None of the clergy members’ excuses are as absurd as this one offered by Father Schneider. In response to Sereny’s questions and accusations about the Vatican funding Nazi escapes from Europe after World War II. Schneider hews to the tactic of “lying big” and sticking to that lie, no matter how ridiculous it becomes. This tactic hedges on the goodwill of the person being lied to: “Surely,” that person thinks, “no one could lie in such a ridiculous a way.” Common sense and historical record reveal this as the audacious lie that it is.
“‘If my thinking—as I know now,’ she said, ‘was illogical, then it was because that was how I wanted, how I needed, how I had to think in order to maintain our life as a family and, if you like—for I know this also now—my sanity.’”
In her final talks with Sereny, Theresa reveals that beneath of her evasions and rationalizations, she is capable of adept self-reflection. She understands her reason for rationalizing Stangl’s role at Treblinka: she depended on the love of the man co-responsible for murdering 900,000 people. This reason is tragic in its humanity and terrifying in its depravity.

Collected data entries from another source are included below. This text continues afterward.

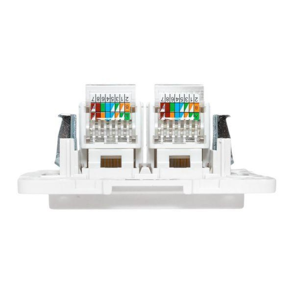 Розетка двухместная RJ45 EKF серии Стокгольм станет отличным решением для стильного помещения при подключении устройств к сети Интернет. Выполнена из поликарбоната, устойчивого к ультрафиолетовому излучению. Изделие необходимо дополнить рамкой.
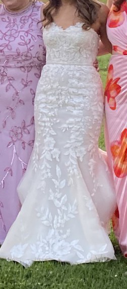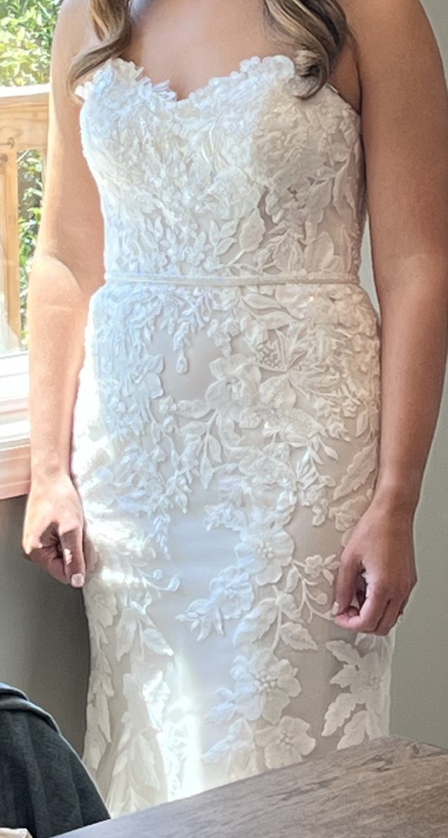 The exquisite ivory fabric is adorned with delicate beading and embroidery, adding just the right amount of sparkle to your ceremony. The floor-length design flows beautifully, allowing you to twirl and dance the night away, while the strapless silhouette keeps it effortlessly chic. I also have a lovely belt (retail $500) that complements the dress perfectly, completing the entire bridal ensemble.
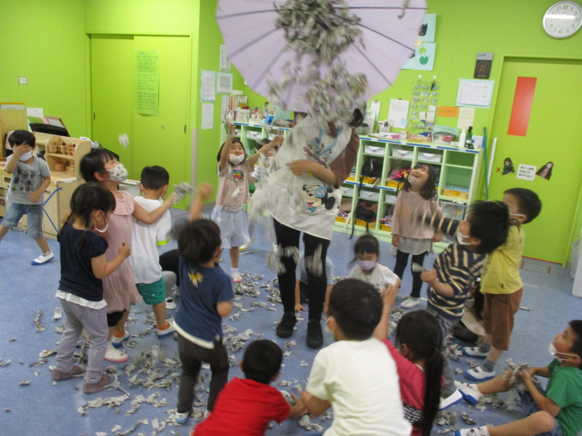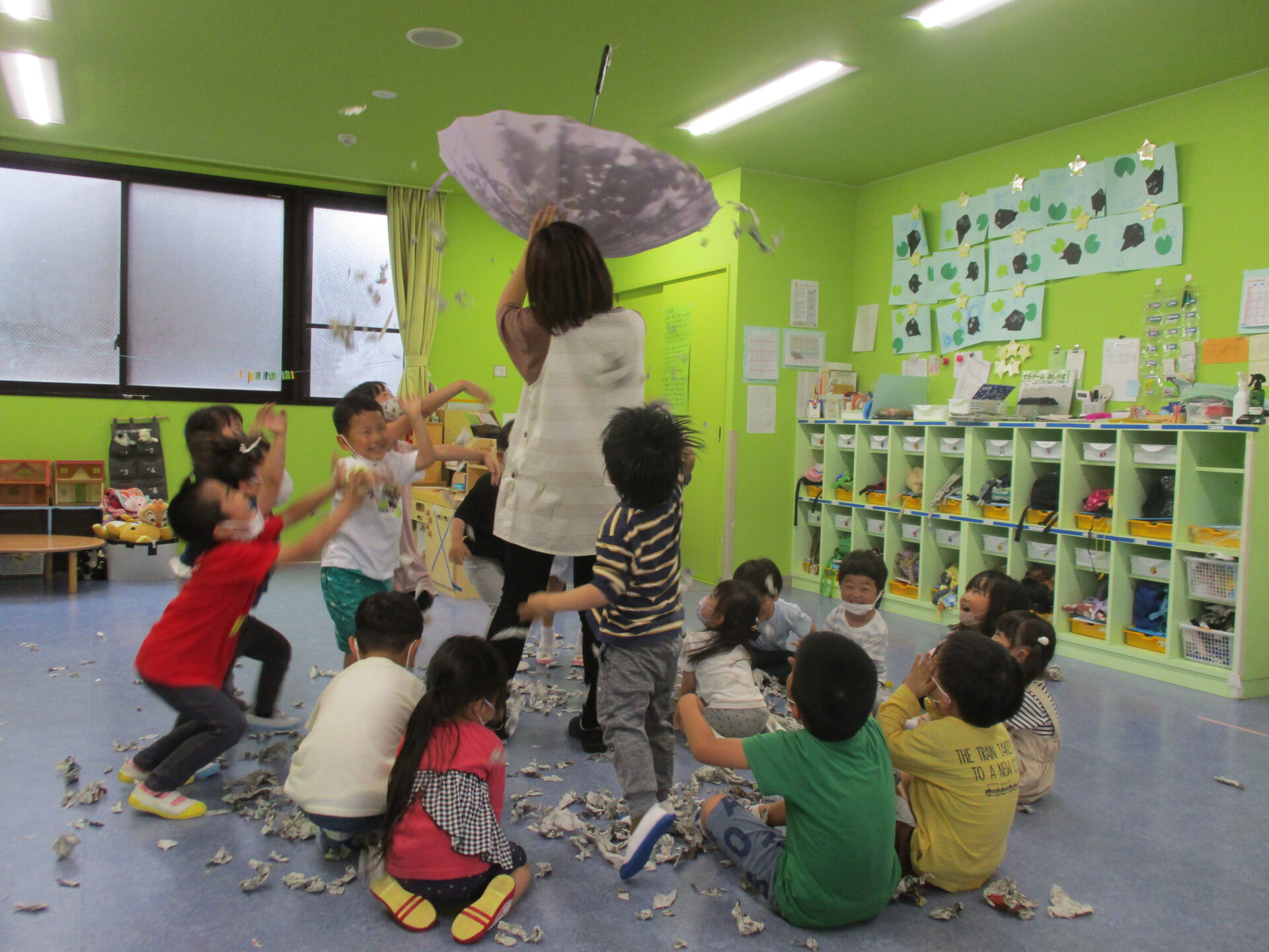 4歳児そらチームは傘を使ってお部屋で楽しみました。

“For the first time, in all these many days, I had given him no help. There was no more time. He gripped the table with both hands as if he was holding on to it. ‘But I was there,’ he said then, in a curiously dry and tired tone of resignation. These few sentences had taken almost half an hour to pronounce. ‘So yes,’ he said finally, very quietly, ‘in reality I share the guilt.’
Stangl’s conversations with Sereny often resemble an internal monologue between his rationalizations and his suppressed conscience (brought out by Sereny). For Stangl, talking with Sereny is a process of unburying his conscience, where she functions more as therapist than interrogator or judge. This process culminates in this moment at the end of their more than 70 hours of conversation: The first and only time that Stangl admits his guilt over his role at Treblinka.
“I think he died when he did because he had finally, however briefly, faced himself and told the truth; it was a monumental effort to reach that fleeting moment when he became the man he should have been.”
Admitting his guilt was the final release Stangl needed before he died. He “became the man he should have been” in that he took responsibility for himself, for the first time not pawning off his actions on others. Stangl corrupted himself by convincing himself that he didn’t have a choice; by doing so he made himself an instrument of the Holocaust’s architects.